Which reminds me of my dad who loves forwarding stuff from his smartphone. He's set in his ways and has a mind of his own. He's really good at sharing stuff even if he doesn't believe it himself - a habit he has cultivated recently to keep up with the Jacobs and Josephs (his maternal side of the family) online. 
I find it irritating. He doesn't. "Whatsapp helps me get in touch with you, vice-versa. What happens if there is an emergency and you keep forwarding junk," I tend to chide him. He mutes the conversation as I if I don't exist.
He won't admit his addiction to the gadget nor do I raise the subject with him when I meet him during my visits to India. I've noticed he chooses a time of day - post lunch. 2pm, it is. He picks his favourite spot - the easy-chair in a corner of the room in our house that must be some centuries old - my great-great grandfather's sit-me-down antique piece.
That's his seat of power from which (shared) wisdom flows from his device, a rich legacy that he believes comes with the solid teak that he towels daily and polishes every year for that smooth finish. Enough with the chair, let me get to the gadget in his hand. So he whips out that smartphone (looks like he's settled on one brand these days), and does his thing. "Must you send those messages at the same time every day... to every individual and group you know?" I often hear mom ask him, gritting her teeth. But he carries on nevertheless. 
I messaged him some months back to stop sending me those forwards or I'd be forced to block him. "I am okay calling you. Just plain telephone calls from my landline in the UAE to yours like we did before messaging apps became the norm," I said. To which he answered, "I prefer Botiming. Download and get that thing working at your end."
We've finally settled on more video conversations on Botim and less messaging on Whatsapp.

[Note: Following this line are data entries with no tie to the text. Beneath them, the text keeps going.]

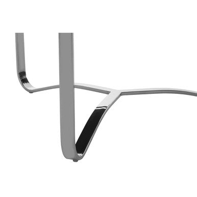 The Richmond round coffee table features a sturdy metal frame in mirrored silver polish which will add a touch of modern glam to the interior space. A renewable pine wood top in natural finish neatly sets on its rim that boasts light wooden hues. The gentle curves and interconnection of legs at the base give it a stylish appearance.
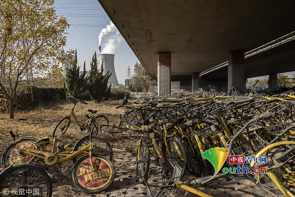 2018年11月22日,石家莊欒城。一座橋下的ofo小黃車堆積場(chǎng)。
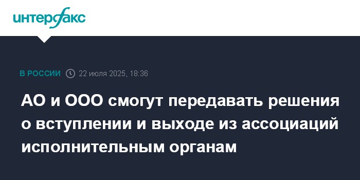 АО и ООО смогут передавать решения о вступлении и выходе из ассоциаций исполнительным органам
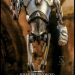 The 1/6th scale Super Battle Droid collectible figure is based on its appearance in the Geonosis™ arena battle. It features a newly developed mechanical structure with stunning metallic paint applications, a wide range of articulations, and a sand-themed display stand!
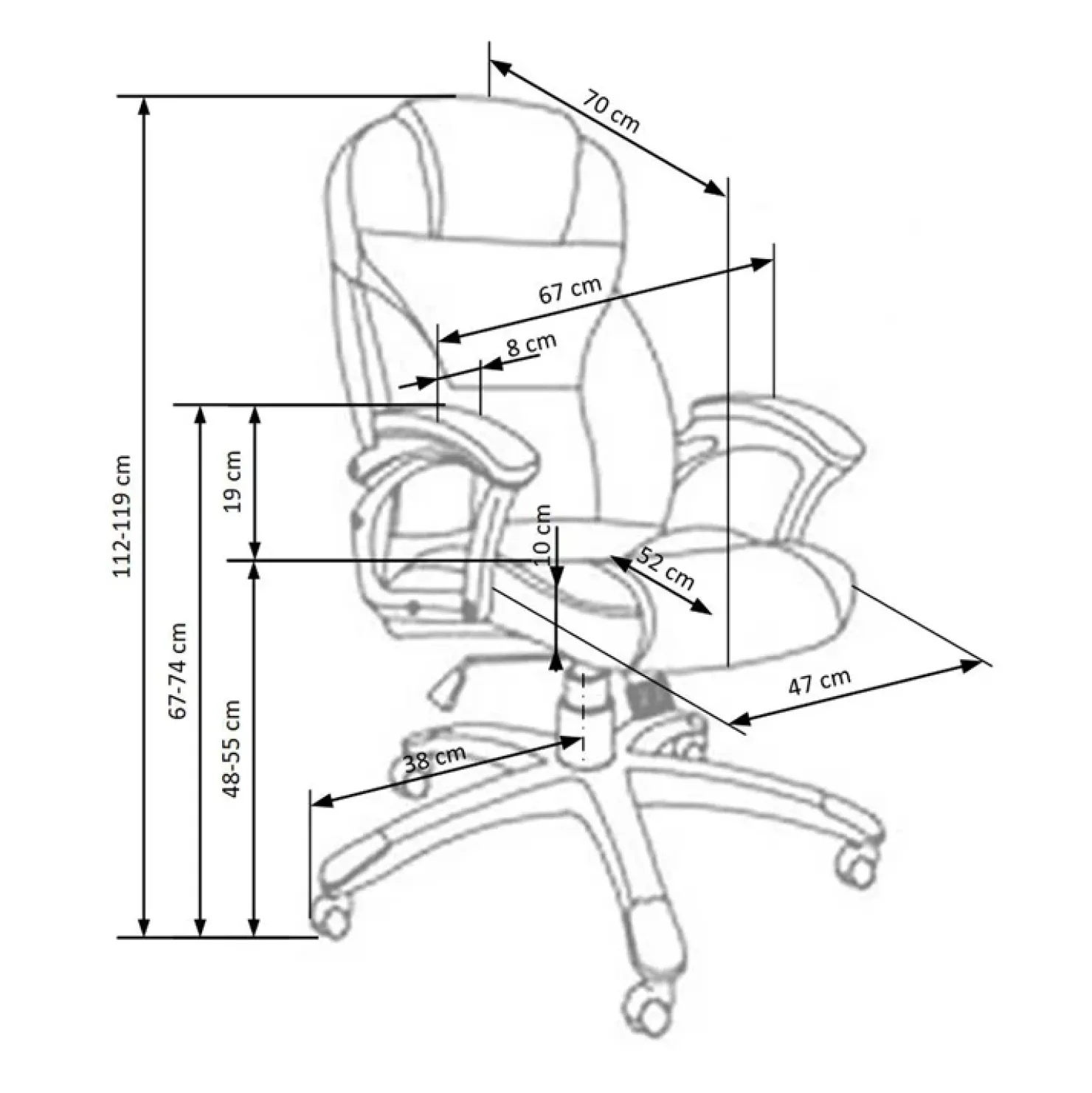 L.67 x H.112/119 x P.70 cm
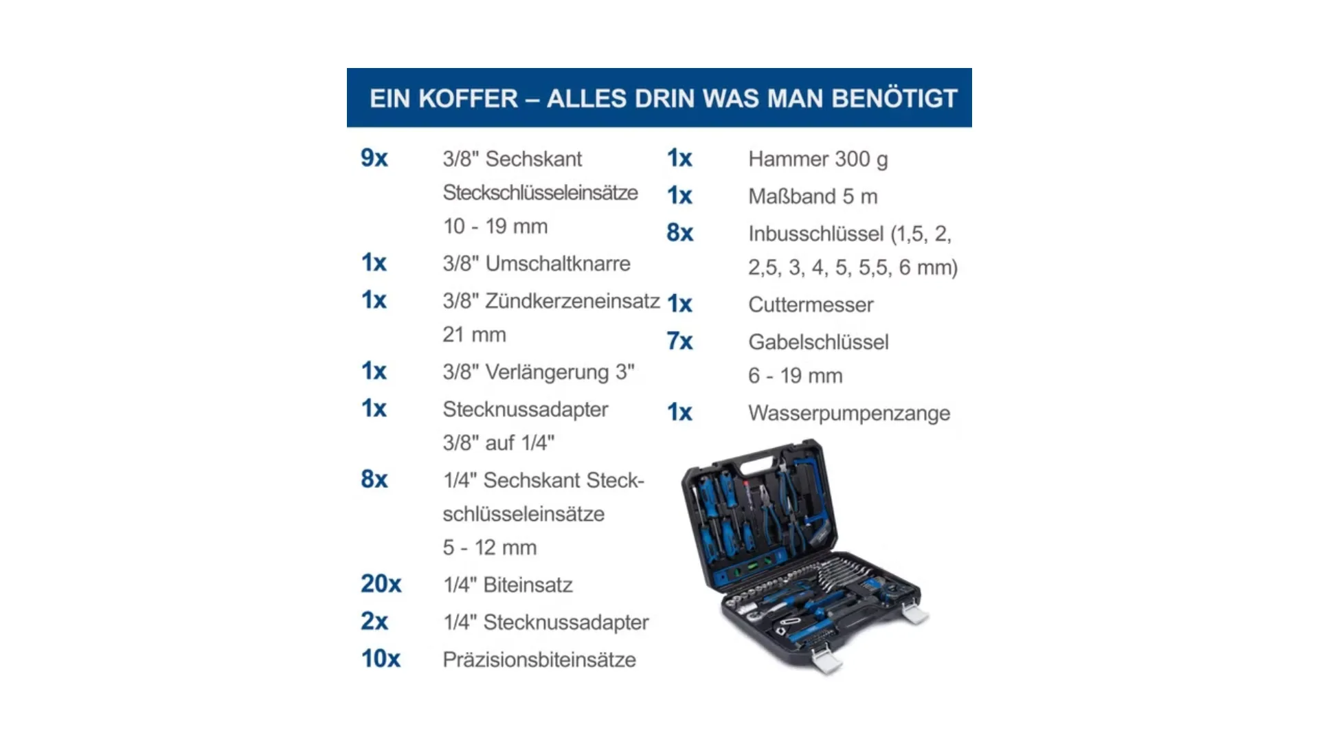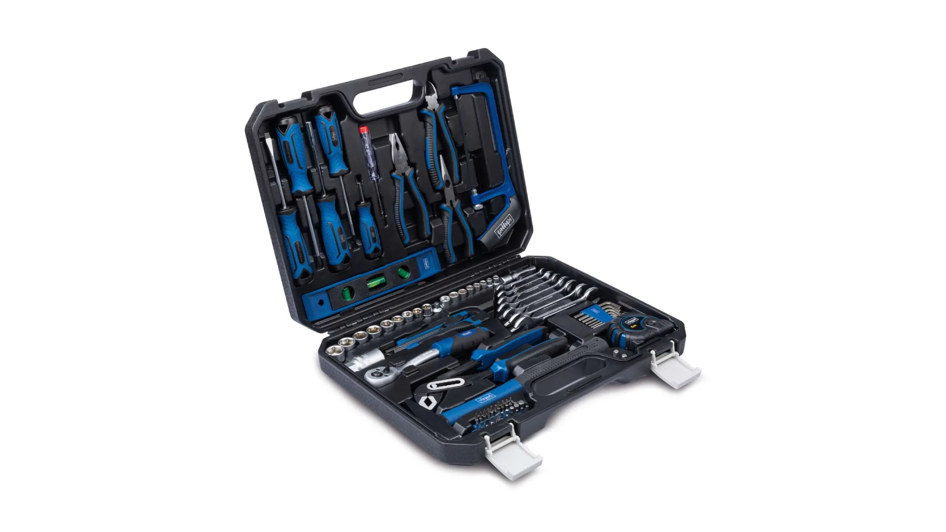 Scheppach alatna kutija WZK120 sadrži 97 praktičnih alata, što je čini idealnom za upotrebu u domaćinstvu, na gradilištima, u radionicama, pa čak i za kampiranje.

I am thankful for the app that is a great ice-breaker that keeps the family peace and the father-son relationship on even keel despite the machinations of modern-day devices that threaten to make it sour.
Since he's the senior, dad thinks everyone else is duty-bound to read his forwards, many of which I suspect he fails to read himself. My missus, his daughter-in-law gets some specially chosen ones on how to bring up kids. Shared humour is his forte.
"Dad's funny," says the missus. So why am I feeling left out?
But last week, when I read about seniors or the elderly (I hate that definition of them) sharing more fake news than the digitally savvy youth, I was concerned about my old man's political judgements and leanings and the choices in elections people of his age could make. Being the dutiful son that I am, and a career journalist to boot, I wanted to make sure he reads and views only what is factual. 
I am worried that he is gullible and will be influenced by propaganda despite him subscribing to three newspapers. Sending links from Khaleej Times' India page is what I do now after reading the findings of the ageist survey that is unfair to senior people who vote with their feet.
According to the survey by researchers at New York and Princeton universities, 11 per cent of users older than 65 shared a hoax while only 3 per cent of users of ages 18 to 29 did the same. The study also found Facebook users who were 65 years and older shared "more than twice as many fake news articles than the next-oldest age group of 45 to 65, and nearly seven times as many fake news articles as the youngest age group (18 to 29)."
My dad and others like him, if they get to read this survey, will laugh till their sides ache. These are real natives who are conversant and conservative with the truth. That said, I have little doubt that digital, smart natives can handle the truth. But will they find the whole truth online?